Но Кравцов не дал поговорить бухгалтеру о нравственном стержне народа и религии, он продолжил задавать вопросы. Выяснилось, что Юлюкин в тот вечер ходил в кино. С женой и дочкой Юлей. Жена, кстати, через пять лет после этого померла, осиротила его и дочку. До начала кино Евгений, слегка выпивший, публично ругал Юлюкина, упрекая его в том, что он своей семье жить и дышать не дает. (Это чистая неправда, отметил Юлюкин.) После кино жена и дочь пошли домой, то есть жена домой, а Юля прогуляться. А Юлюкин остался поиграть на бильярде. А потом пошел домой, Женька его в кустах подкараулил и напал.
– Я был там, – сказал Кравцов. – Там кусты сзади и сбоку, в каких кустах это произошло?
– Сбоку.
– Ясно. А зачем вы туда пошли?
– Так домой же!
– Домой вам, насколько я понимаю, надо было мимо кустов, по улице.
– Да? – спросил Юлюкин так, словно вдруг сам засомневался: там ли он, действительно, выбрал дорогу? Но тут же оправдался: – Ну да, домой мне по улице. А в кусты зашел по мужскому делу.
– Это по какому же?
– Поссать! – вдруг рассердился Юлюкин на непонятливость Кравцова. – Пописать, отлить – или как там у вас еще в городе говорят?
– Есть нормальное общеупотребительное слово: помочиться, – напомнил Кравцов.
Юлюкин взглянул с неожиданным возмущением, будто заподозрил, что над ним издеваются, но в долю секунды изменил выражение лица, и взгляд его стал даже благодарным – он как бы хотел спасибо сказать за то, что Кравцов научил его этому простому, но забытому слову.
– Именно, помочиться, – согласился он с такой трактовкой события.
– И на вас в этот момент напал Евгений?
– Точно!
– До того или после?
– Я же говорю: после кино!
– Нет, до того, как вы помочились, или после? Или, может, во время процесса?
– А я помню? Нет, вроде прямо во время. Напал, как гад, и ножом...

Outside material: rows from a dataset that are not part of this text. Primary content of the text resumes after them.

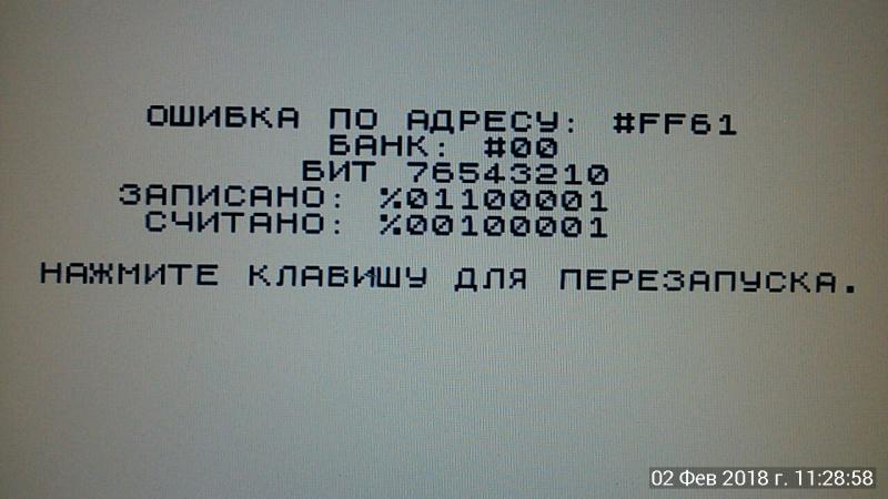 В ОЗУ Вы поставили РУ7И,может из-за РАЗНОСОРТИЦЫ микросхем получается ошибки в ОЗУ, или еще какая-то РУшка шалит,а может даже и не одна (ошибки по РАЗНЫМ адресам и БИТАМ).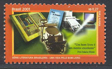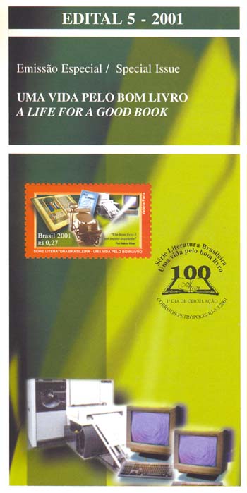 Edital n.5 Arte :Valéria Faria Processo de Impressão: Ofsete Folha: 25 selos Papel: couché gomado Valor Facial: R$ 0,27 cada selo Tiragem 2.500.000 selos Picotagem: 11,5 x 11 Área de desenho: 39 x 21mm Dimensões do selo: 44 x 26mm Data de emissão: 05/3/2001 Impressão: Casa da Moeda do Brasil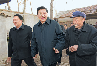 11月25日下午,习近平在地处沂蒙老区的临沭县曹庄镇朱村亲切地拉着83岁的“老支前”王克昌的手去他家看望。记者 谢环驰 摄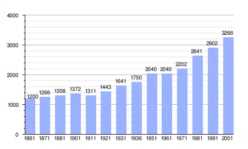 | Gráfica de evolución demográfica de Levate entre 1861 y 2001 |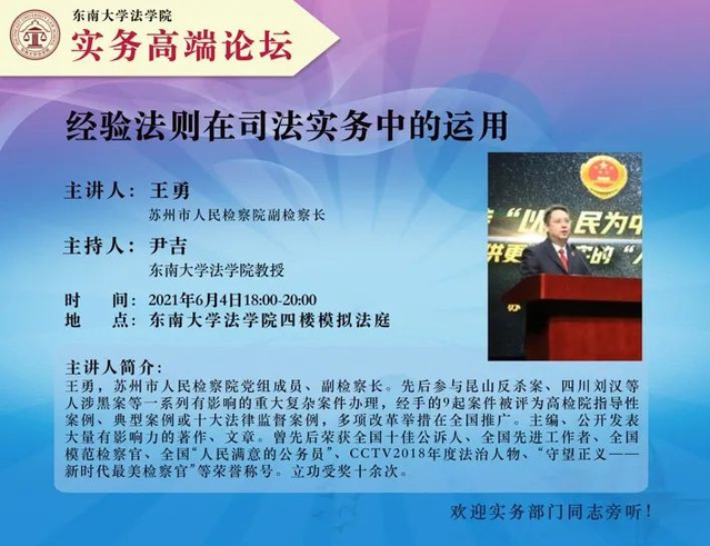2021年6月4日晚,苏州市人民检察院党组成员、副检察长王勇应邀到366net必赢官网,以“经验法则在司法实务中的运用”为题,在366net必赢官网模拟法庭举行讲座。本次讲座由366net必赢官网尹吉教授主持,366net必赢官网师生参加了此次讲座。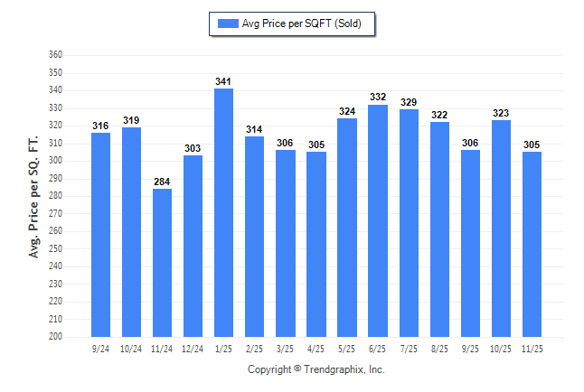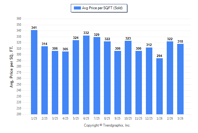 Curnt vs. Same Month 1 Yr Ago: Avg. Sq. Ft. Price (Sold)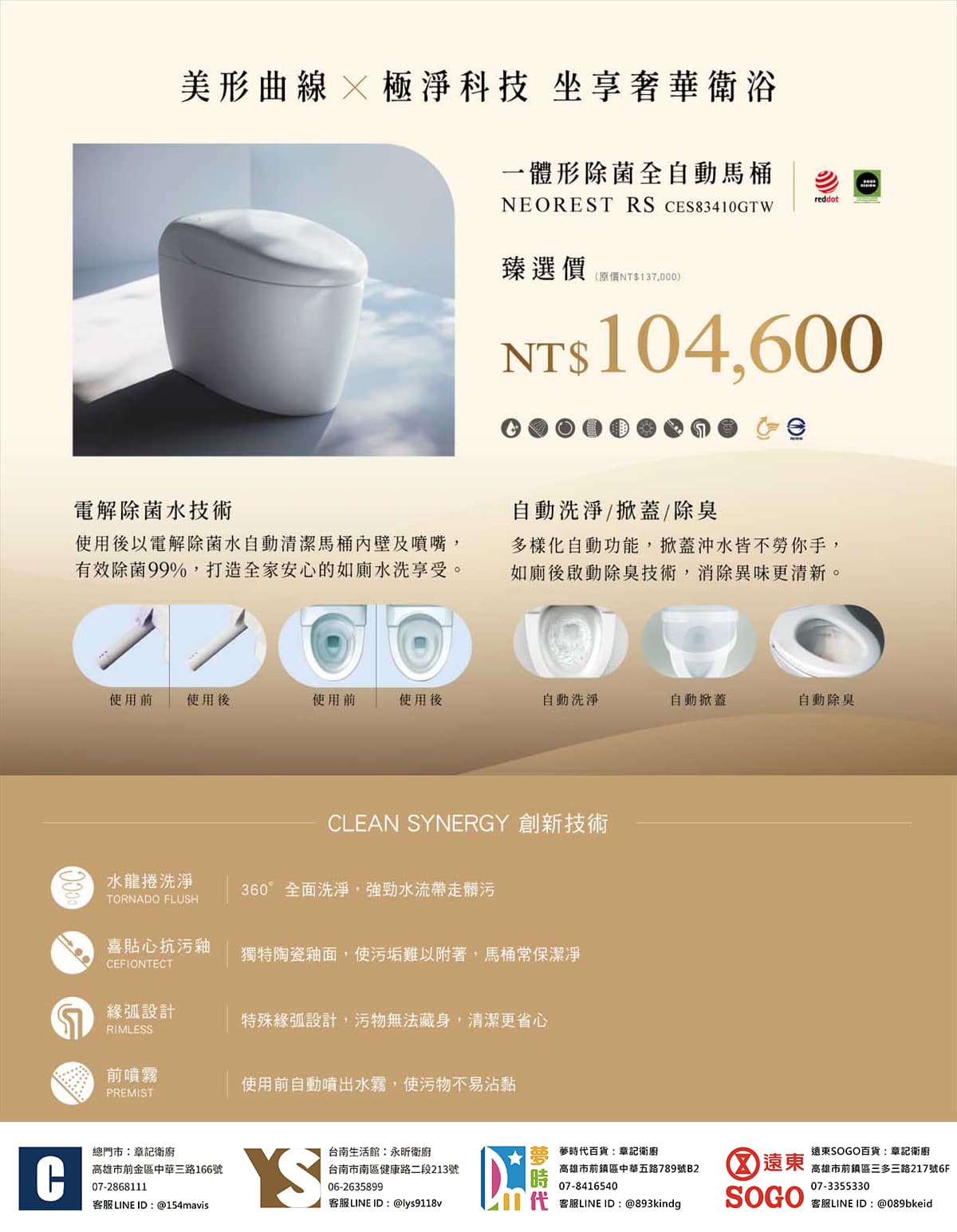 下圖:TOTO NEOREST 全自動馬桶功能比較表

– Ясно... Да еще и сарай вам сжег?
– Сжег! Подчистую! – подтвердил Юлюкин.
– И обратно под замок залез?
– А чего не лазить? Дружинники выпили и заснули. Вот он и лазил туда-сюда.
– Мог ведь и сбежать, как вы думаете? – спросил Кравцов.
– Куда? – усмехнулся Юлюкин. – Он же понимал, что все равно поймают!
– А может, – предположил Кравцов, – остался в надежде оправдаться?
– За попытку убийства? Не смешите меня! – сказал Юлюкин. И вдруг стал серьезным, исполнился уважения к теме жизни и смерти и сказал значительно: – А ведь действительно мог и убить. И не стоял бы я с вами тут, а лежал бы, как народ говорит, в сырой земле...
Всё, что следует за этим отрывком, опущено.